■ **EXERCISE INSTRUCTIONS**: The required copy runs from the first line of the material through the line containing "Trinidadian-born Leon Foster", exactly as written and without pictures.

⟨

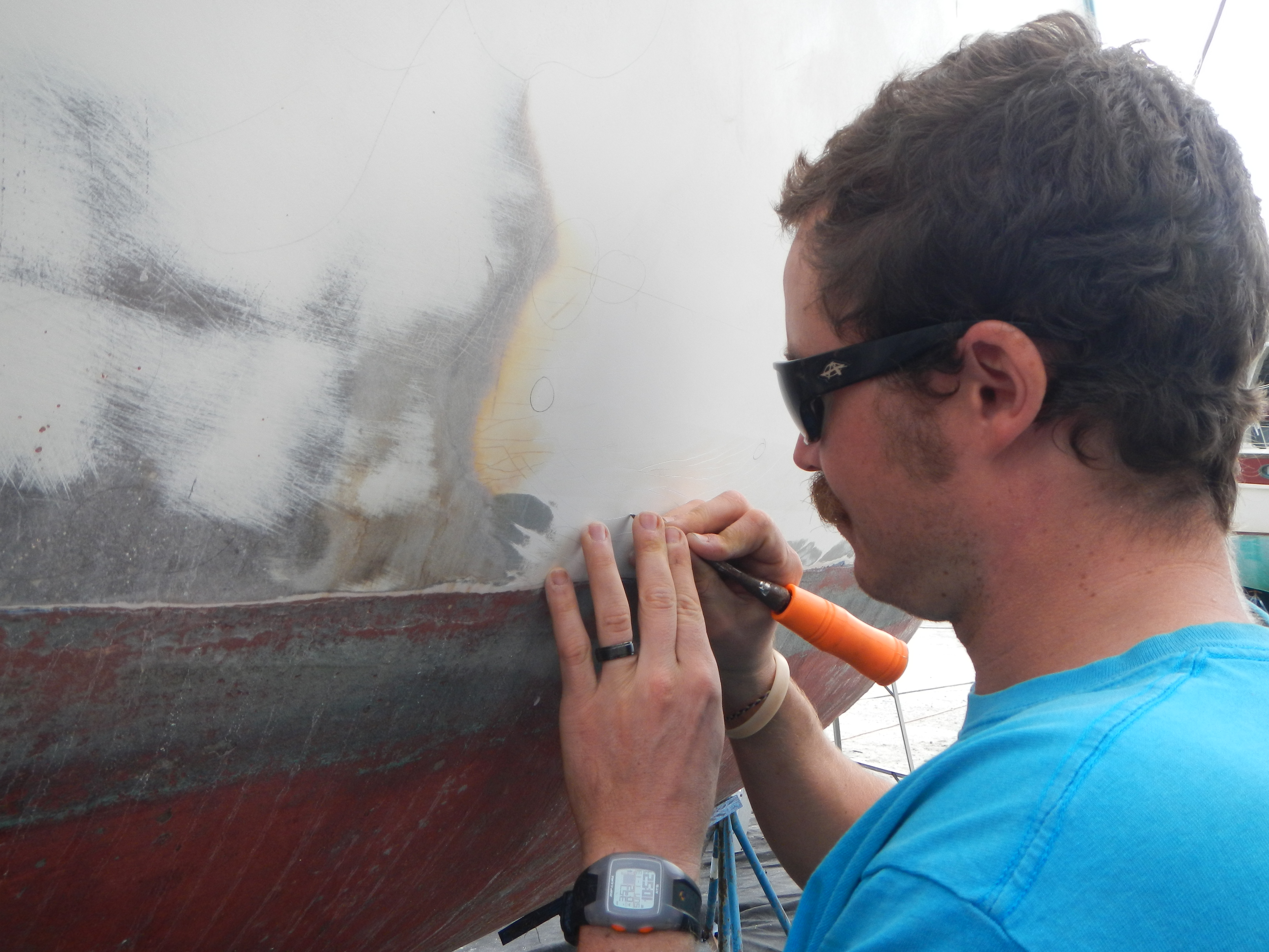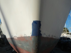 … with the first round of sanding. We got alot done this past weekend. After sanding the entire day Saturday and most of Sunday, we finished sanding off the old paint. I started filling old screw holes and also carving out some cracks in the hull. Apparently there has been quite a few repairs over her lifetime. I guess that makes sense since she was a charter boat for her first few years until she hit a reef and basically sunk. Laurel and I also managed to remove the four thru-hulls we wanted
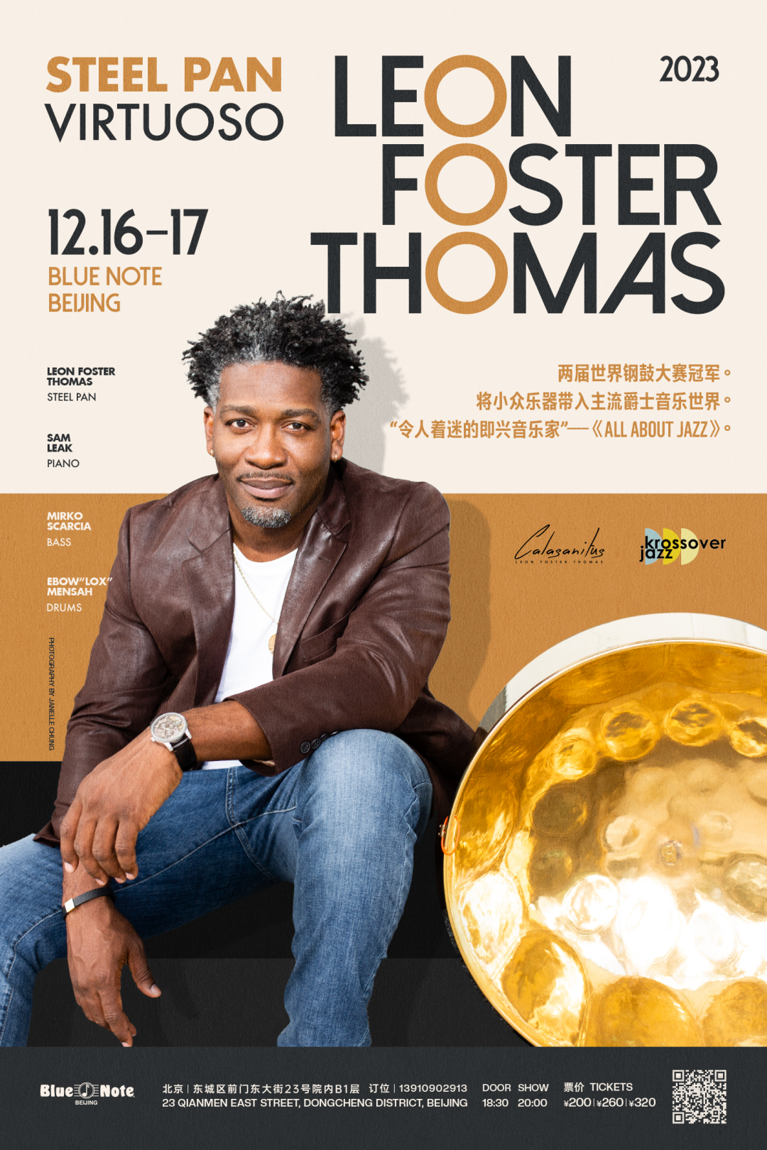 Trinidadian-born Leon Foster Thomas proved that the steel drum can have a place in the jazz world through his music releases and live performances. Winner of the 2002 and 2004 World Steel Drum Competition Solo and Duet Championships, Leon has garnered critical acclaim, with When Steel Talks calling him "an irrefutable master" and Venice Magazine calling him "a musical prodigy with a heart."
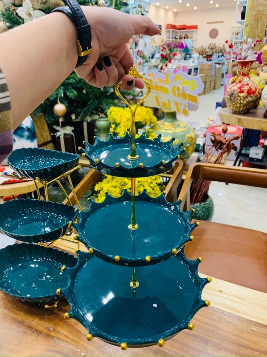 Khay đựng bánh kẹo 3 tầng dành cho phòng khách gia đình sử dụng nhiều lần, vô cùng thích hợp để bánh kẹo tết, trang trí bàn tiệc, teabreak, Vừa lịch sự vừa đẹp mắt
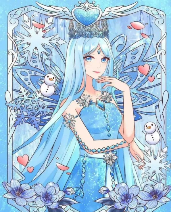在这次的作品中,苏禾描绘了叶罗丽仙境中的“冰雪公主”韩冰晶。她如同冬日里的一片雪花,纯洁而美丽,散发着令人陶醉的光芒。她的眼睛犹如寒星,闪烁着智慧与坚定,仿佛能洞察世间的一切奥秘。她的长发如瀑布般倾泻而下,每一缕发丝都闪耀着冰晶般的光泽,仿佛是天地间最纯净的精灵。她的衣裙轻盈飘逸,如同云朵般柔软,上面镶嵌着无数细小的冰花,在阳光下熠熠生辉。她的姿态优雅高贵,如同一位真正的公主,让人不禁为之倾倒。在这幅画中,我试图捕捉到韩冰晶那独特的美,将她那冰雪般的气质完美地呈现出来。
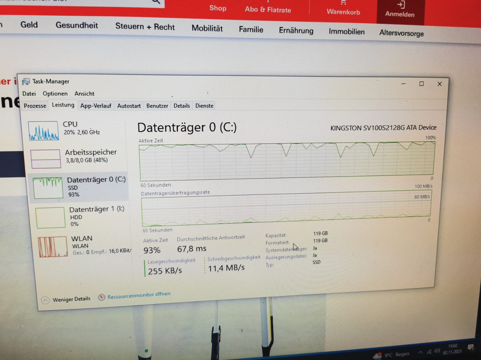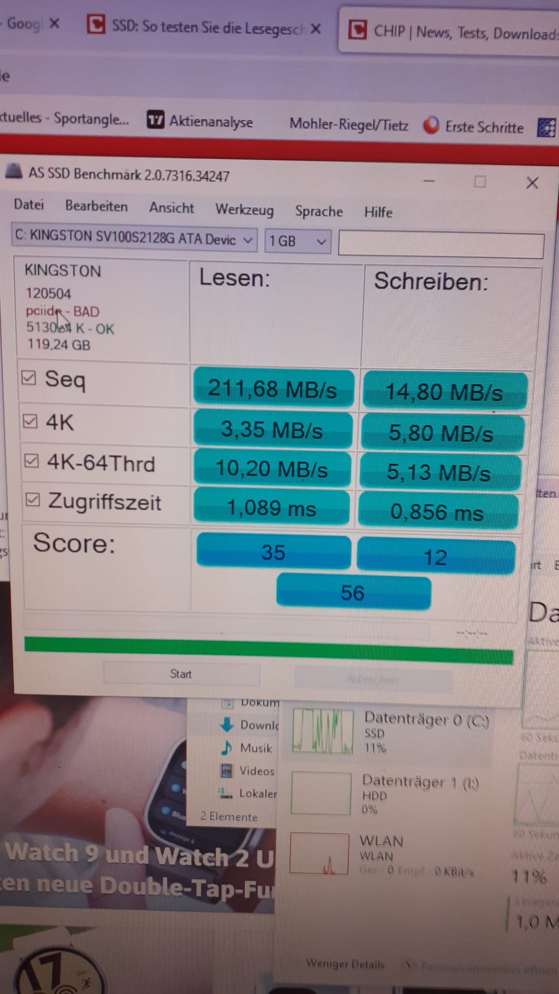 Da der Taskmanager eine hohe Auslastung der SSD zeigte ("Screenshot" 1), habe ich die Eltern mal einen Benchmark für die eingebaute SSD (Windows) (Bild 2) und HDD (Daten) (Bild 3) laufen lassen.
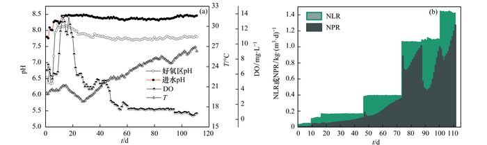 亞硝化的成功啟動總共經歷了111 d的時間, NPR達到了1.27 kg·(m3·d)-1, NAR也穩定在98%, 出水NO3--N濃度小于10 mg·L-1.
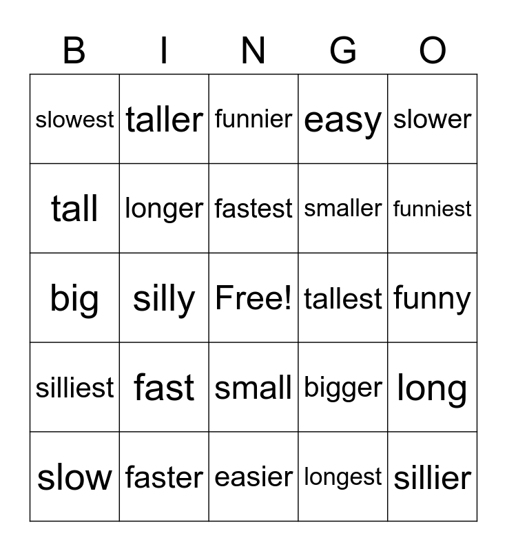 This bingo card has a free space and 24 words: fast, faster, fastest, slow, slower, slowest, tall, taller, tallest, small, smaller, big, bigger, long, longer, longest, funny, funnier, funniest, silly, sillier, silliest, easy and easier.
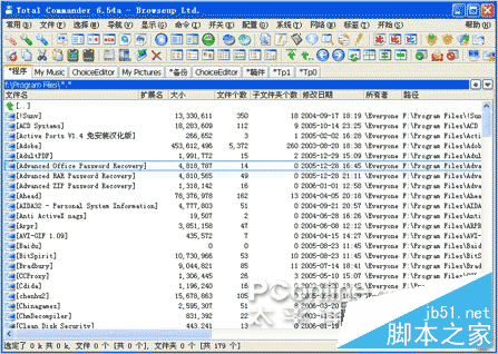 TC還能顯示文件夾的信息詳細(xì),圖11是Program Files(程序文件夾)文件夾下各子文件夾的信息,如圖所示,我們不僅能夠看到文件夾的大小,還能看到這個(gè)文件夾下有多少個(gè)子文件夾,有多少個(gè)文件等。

⟩

■ **THE COMPLETED TASK**:
 … with the first round of sanding. We got alot done this past weekend. After sanding the entire day Saturday and most of Sunday, we finished sanding off the old paint. I started filling old screw holes and also carving out some cracks in the hull. Apparently there has been quite a few repairs over her lifetime. I guess that makes sense since she was a charter boat for her first few years until she hit a reef and basically sunk. Laurel and I also managed to remove the four thru-hulls we wanted
 Trinidadian-born Leon Foster Thomas proved that the steel drum can have a place in the jazz world through his music releases and live performances. Winner of the 2002 and 2004 World Steel Drum Competition Solo and Duet Championships, Leon has garnered critical acclaim, with When Steel Talks calling him "an irrefutable master" and Venice Magazine calling him "a musical prodigy with a heart."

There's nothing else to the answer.